In launching the commemoration, Rwandan President Paul Kagame laid wreaths at a mass grave in Kigali. He told the gathering that the country commemorated the genocide because the lives lost mattered.

“As the years pass, the descendants of survivors increasingly struggle with the quiet loneliness of longing for relatives they never met, or never even got the chance to be born,” he said. “Our journey has been long and tough. Rwanda was completely humbled by the magnitude of our loss, and the lessons we learned are engraved in blood.”

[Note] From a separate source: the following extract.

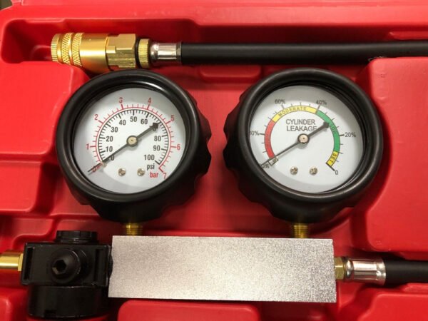 -Se puede detectar fácilmente fugas a través de las válvulas, segmentos del pistón, junta de tapa. Ideal para detectar fugas en la cámara de combustión y determinar la causante de la misma. Ya sea hacia circuito de agua, aceite, aros, admisión o escape.

In 2016, the Catholic Church in Rwanda apologized for the role played by individual clergy and church members in the genocide.

The bishops emphasized the church did not send any priests or church members to kill, although some of its members planned, aided and executed the genocide.

Human rights activists and survivors wanted the Catholic Church to apologize for decades. They argued that people fled to the churches hoping to be saved, only to be killed there by Hutu militia.

Ilibagiza noted in her book that “instead of negotiating or begging for mercy, (my brother Damascene) challenged them to kill him. ‘Go ahead,’ he said. ‘What are you waiting for? Today is my day to go to God. I can feel Him all around us. He is watching, waiting to take me home. Go ahead — finish your work and send me to paradise.’”

She added: “Murder is no game: If you offend God, you will pay for your fun. The blood of the innocent people you cut down will follow you to your reckoning. But I am praying for you. … I pray that you see the evil you’re doing and ask God’s forgiveness before it’s too late.”

Fredrick Nzwili writes for OSV News from Nairobi, Kenya.